• **What is required**
Output exactly, in the material below, the lines from the one with "大欖煤氣管道,由川龍西煤氣檢" through the one with "- Kieron Corner". Omit all pictures.

Exercise data Start Marker

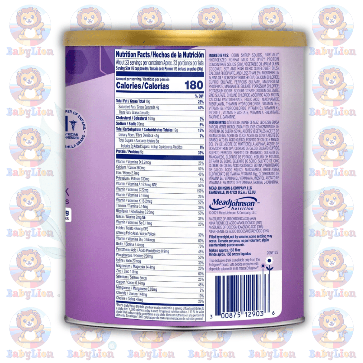 | Ingredients | Corn Syrup Solids, Partially Hydrolyzed Nonfat Milk And Whey Protein Concentrate Solids (Soy), Vegetable Oil (Palm Olein, Coconut, Soy, And High Oleic Sunflower Oils), 2’-FUCOSYLLACTOSE, Mortierella Alpina Oil, Schizochytrium Sp. Oil, Calcium Carbonate, Sodium Citrate, Calcium Phosphate, Potassium Chloride, Magnesium Phosphate, Ferrous Sulfate, Zinc Sulfate, Cupric Sulfate, Manganese Sulfate, Potassium Iodide, Sodium Selenite, Choline Chloride, Inositol, Ascorbic Acid, Niacinamide, Calcium Pantothenate, Riboflavin, Thiamin Hydrochloride, Vitamin D3, Vitamin B6 Hydrochloride, Folic Acid, Vitamin K1, Biotin, Vitamin B12, Vitamin E Acetate, Vitamin A Palmitate, SOY LECITHIN, Taurine, L-carnitine. |
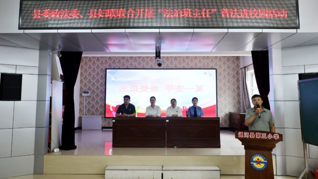 联合县委政法委、县妇联、县检察院走进通河县第三小学校,开展暑期安全法治教育活动。法官化身“安全导师”,围绕防溺水、交通安全、消防安全、饮食安全四大主题,结合青少年暑期生活场景,深入剖析河边野泳、马路上追逐打闹等易被忽视的风险点,通过情景模拟、互动问答等形式,将《未成年人保护法》《预防未成年人犯罪法》等法律条文转化为生活常识,引导学生树立“安全无小事”意识,为快乐暑假筑牢安全防线。
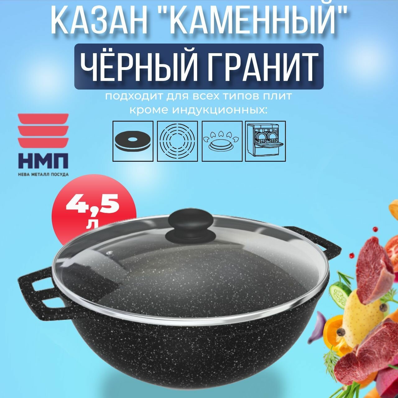 Казан Нева Металл Посуда НМП "Каменная" Черный гранит 4,5л сферический, 186845сф
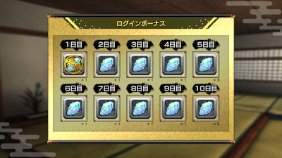 ログインボーナスももちろんあります!!まだ1日目以降はなぞですが、毎日ログインして、ボーナスをもらいましょう!見た感じ10日リセットですかね?
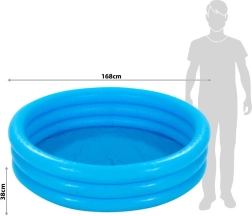 Az Intex Crystal Blue felfújható medence ideális választás a forró kerti napokra. Háromgyűrűs kialakításának köszönhetően stabil és kényelmes, a telepítés pedig csak néhány perc – terítsd ki sík felületre, fújd fel, majd töltsd fel vízzel. A minőségi vinil 0,23 mm fal- és 0,18 mm aljvastagsággal tartósságot és hosszú élettartamot garantál.
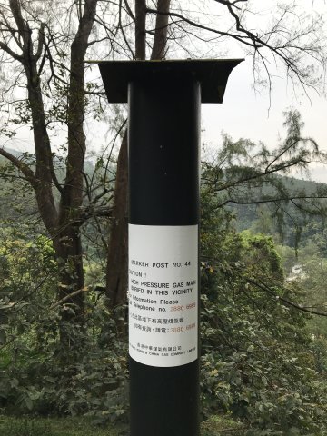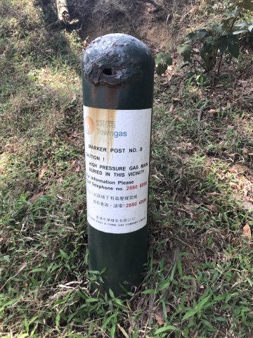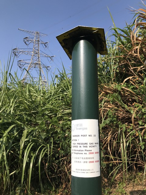 大欖煤氣管道,由川龍西煤氣檢管站至大欖涌,全長約15公里,沿途豎立了至少37個圓筒形標柱(Marker Post,編號#1-37),用作檢查和維修喉管之用。大家只要在網上搜尋「大欖煤氣管道」,便可以找到相關資料,亦可參考行行企企的「大欖煤氣管道」遊蹤。
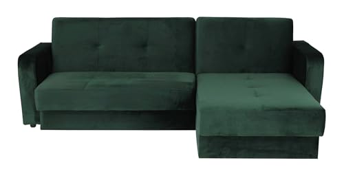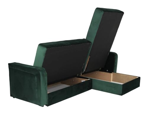 - Kieron Corner Chaise Sofa Bed + Double Storage + Large Sleeping Area Sofabed in Bottle Green Velvet (Bottle Green Velvet)
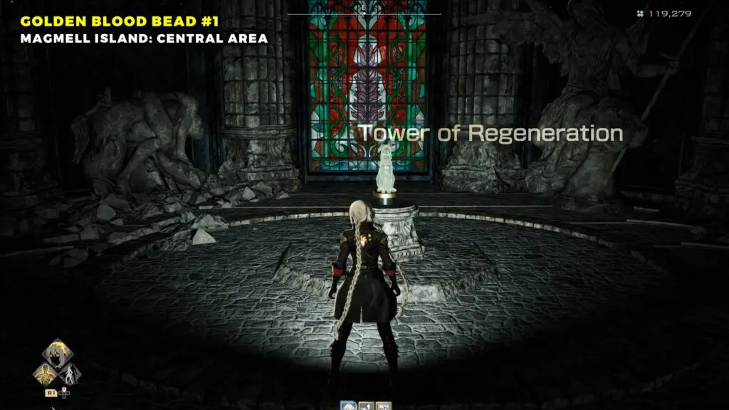Now, return to the center area and open the gate using the Cathedral Key. Go down the stairs to find the Tower of Regeneration.
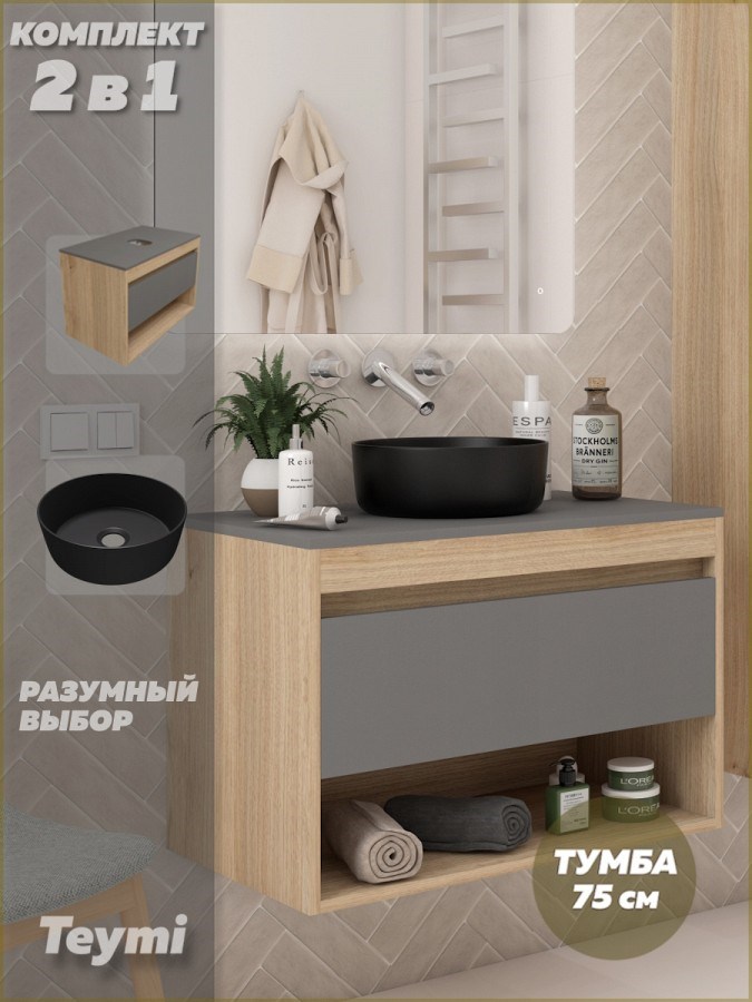 Тумба подвесная с раковиной для ванной 75 см Teymi Ritta корпус дуб фасад графит раковина Lina D31 черная матовая F15114

Exercise data End Marker

• **Response to the task**
 大欖煤氣管道,由川龍西煤氣檢管站至大欖涌,全長約15公里,沿途豎立了至少37個圓筒形標柱(Marker Post,編號#1-37),用作檢查和維修喉管之用。大家只要在網上搜尋「大欖煤氣管道」,便可以找到相關資料,亦可參考行行企企的「大欖煤氣管道」遊蹤。
 - Kieron Corner Chaise Sofa Bed + Double Storage + Large Sleeping Area Sofabed in Bottle Green Velvet (Bottle Green Velvet)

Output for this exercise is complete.